Judge: Stephen P. Pfahler, Case: 19STCV40434, Date: 2023-05-16 Tentative Ruling
Case Number: 19STCV40434 Hearing Date: May 16, 2023 Dept: F49
Dept.
F-49
Date:
5-16-23
Case
#19STCV40434
Trial
Date: 7-17-23 c/f 2-14-23 c/f 6-6-22
AUGMENT EXPERT WITNESS LIST
MOVING
PARTY: Defendant, Facey Medical Group
RESPONDING
PARTY: Plaintiff, John Doe
RELIEF
REQUESTED
Motion
for Leave to Augment Expert Witness List
SUMMARY
OF ACTION
On
May 28, 2019, Plaintiff John Doe attended a yearly physical examination with
Defendant Gregory Castillo. Plaintiff alleges that Dr. Castillo first began
“repeatedly and inappropriately rubbing” plaintiff’s arms and legs, next
proceeded to grab Plaintiff’s penis and testicles without “medical
justification.” Dr. Castillo then began to digitally penetrate Plaintiff’s
anus. During the course of this conduct, Dr. Castillo allegedly rubbed his own
genitals on Plaintiff’s body for purposes of sexual gratification.
Notwithstanding
the end of the conduct in the examination room, Dr. Castillo then removed a
wart from the finger of Plaintiff in another room, and again rubbed his
genitals on Plaintiff and again inappropriately touched him on the arms and
legs. Dr. Castillo later told Plaintiff that the penal examination was
required, due to an alleged lesion, which was not documented in any medical
notes.
On
November 7, 2019, Plaintiff filed his complaint for Sexual Battery, Sexual
Orientation Related Violence, Sexual Harassment, Constructive Fraud, Unfair
Business Practices, Intentional Infliction of Emotional Distress, and Negligent
Hiring Retention Supervision and Training.
The
action was transferred to Department 49 on January 28, 2020.
On
May 4, 2020, Plaintiff dismissed Providence Health & Services, David Mast,
Jim Corwin and Teresa David. On June 19, 2020, the parties submitted a
stipulated protective order for the exchange of discovery. On August 4, 2020,
Plaintiff filed a first amended complaint for Sexual Battery, Sexual
Orientation Related Violence, Sexual Harassment, Constructive Fraud, Unfair
Business Practices, Intentional Infliction of Emotional Distress, and Negligent
Hiring Retention Supervision and Training. On August 5, 2020, Plaintiff filed a
second dismissal of defendants Providence Health & Services, David Mast,
Jim Corwin and Teresa David.
On
November 3, 2020, the court sustained the demurrer Facey Medical Group, Roscoe Marter, M.D., and Erik Davydov, M.D. to the first
amended complaint, and denied the motion to strike the use of pseudonyms. On
December 3, 2020, Plaintiff filed the second amended complaint for Sexual
Battery, Sexual Orientation Related Violence, Sexual Harassment, Constructive
Fraud, Unfair Business Practices, Intentional Infliction of Emotional Distress,
and Negligent Hiring Retention Supervision and Training, and Negligence.
On
March 9, 2021, the court sustained the demurrer of Gregory Castillo, M.D.

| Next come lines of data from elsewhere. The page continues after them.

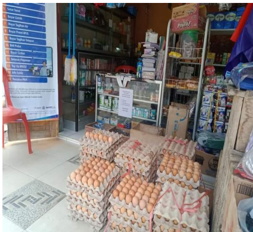
Gambar 11. Bahan Pangan (Telur)
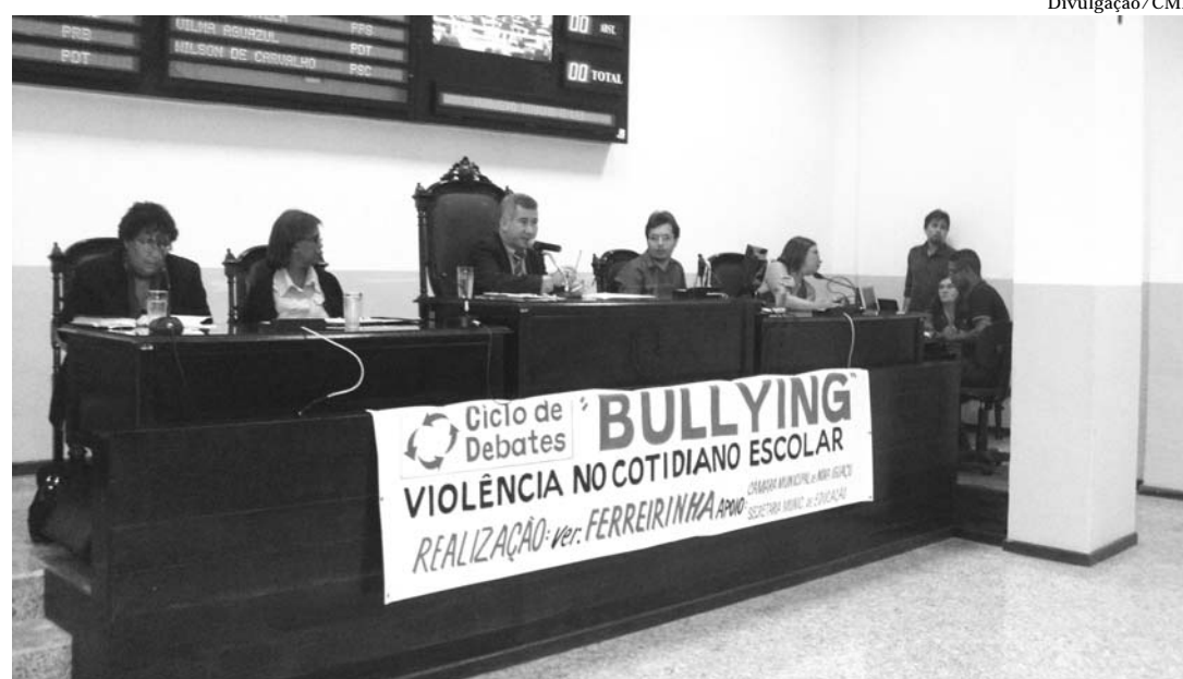
O bullying foi tema de debate na Câmara Municipal de Nova Iguaçu na última quinta-feira, dia 26
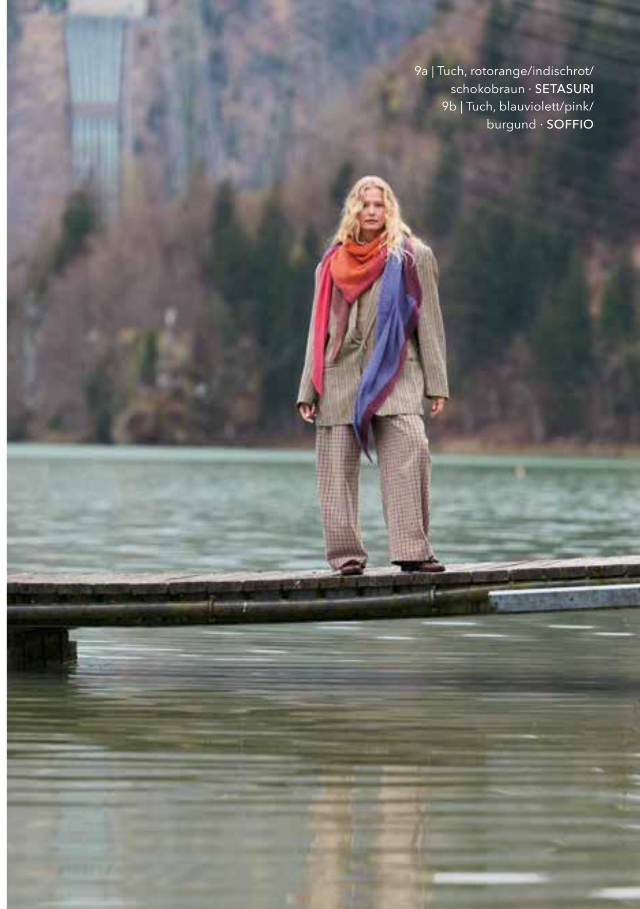
9a | Tuch, rotorange/indischrot/ schokobraun · SETASURI 9b | Tuch, blauviolett/pink/ burgund · SOFFIO
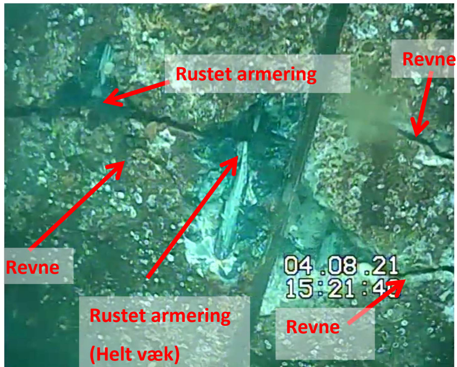
Billede af revner og overrustet / tæret armering (Billedets dato ikke korrekt, filmet sept. 2023)

Ved revner i betonen vil saltvand trænge ind til armeringen og få denne til at ruste. Flere steder blev dette eftersat, og det kunne konstateres at armeringsjernet flere steder var tydeligt bortrustet i revnens niveau. Dette er meget alvorligt, da spunsvæggens styrke derfor er yderst svækket.
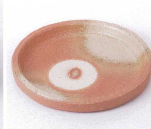
ロ199-12 粉引小花7.0丸皿(赤津焼) φ22.5×3cm 2,900円
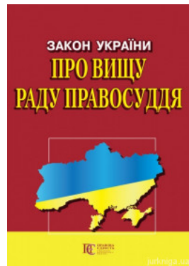
Закон України "Про вищу раду правосуддя". Алерта
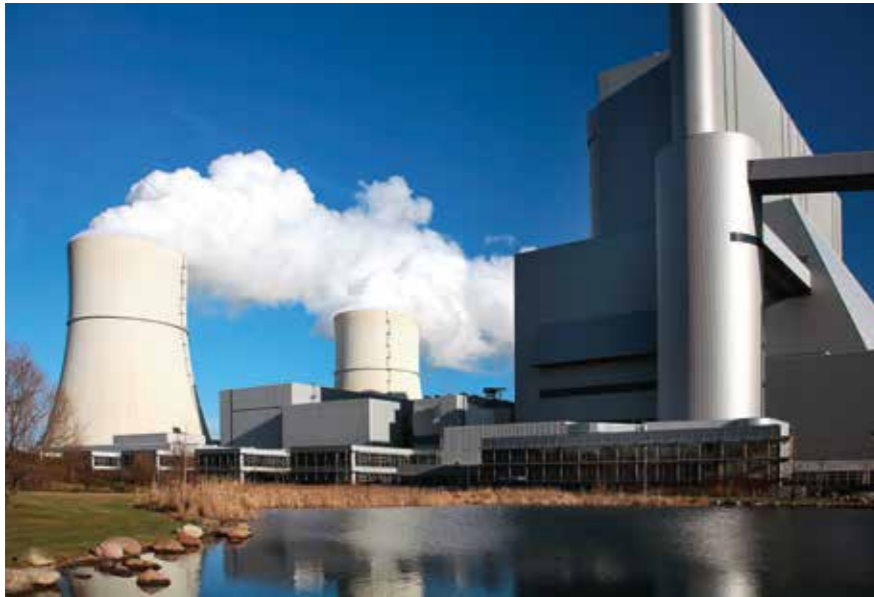
Das Kraftwerk „Schwarze Pumpe“ (Spremberg) wurde 1998 in Betrieb genommen. Das Projekt gehörte nach der Wiedervereinigung zu den Großinvestitionen in Mitteldeutschland.
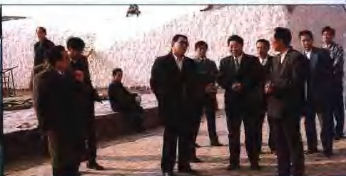
副市长李秀生(右七)在濮阳县检查棉花收购工作
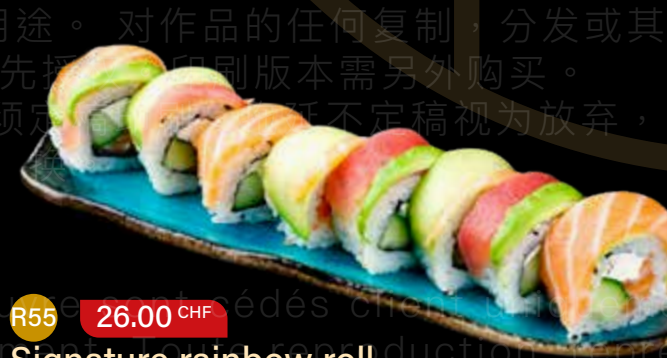
R55 26.00 CHF Signature rainbow roll California roll avec saumon, cream cheese, concombre, couvert de saumon, avocat et thon California roll with salmon, cream cheese, cucumber, topped with salmon, avocado, and tuna
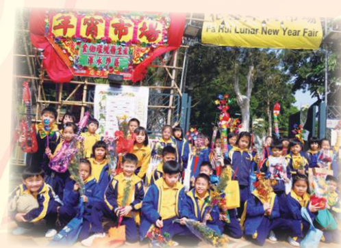
開開心心逛年宵市場。
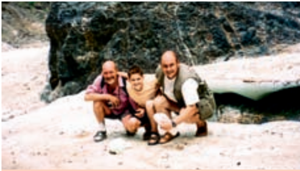
Les trois générations dans la vallée de Yolly An : glaces éternelles en plein Gobi.
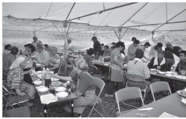
バーベキューに舌鼓を打ちながら交流を深める参加者

7月19日、滞在型市民農園「クラインガルテン下郷」のクラブハウスで、同施設の利用者同士の親睦を図ろうと「納涼祭」が開かれました。
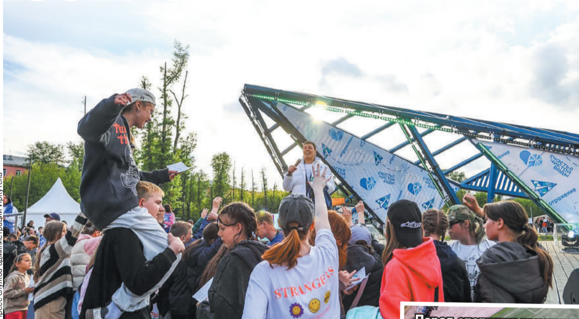
Игра «Музыкальное лото» собрала около 2 тысяч участников.

without leave to amend as to the fourth cause of action for constructive fraud,
and fifth cause of action for unfair business practices. The court overruled
the remainder of the demurrer. The court also granted the motion to strike the
claim for punitive damages without prejudice, and granted the motion to strike
the claim for treble damages with prejudice. On March 10, 2021, the court
denied the motion for leave to add a claim for punitive damages against the
medical defendants. On March 15, 2021, Castillo answered the second amended
complaint.
On
June 25, 2021, the court overruled the demurrer of Facey Medical Group, Roscoe Marter, M.D., and Erik Davydov, M.D. to
the second amended complaint, and granted the motion to strike the claim for
punitive damages. Defendants answered the second amended complaint on June 30,
2021.
On December 28, 2021, the court adopted the
report and recommendations of discovery referee Honorable Richard Rico in
regards to a motion to compel further response to Special Interrogatories (set
two) from defendant Castillo. On January 11, 2022, the court granted the ex
parte motion to stay enforcement of the report and recommendations of the
referee report, and stayed the entire action.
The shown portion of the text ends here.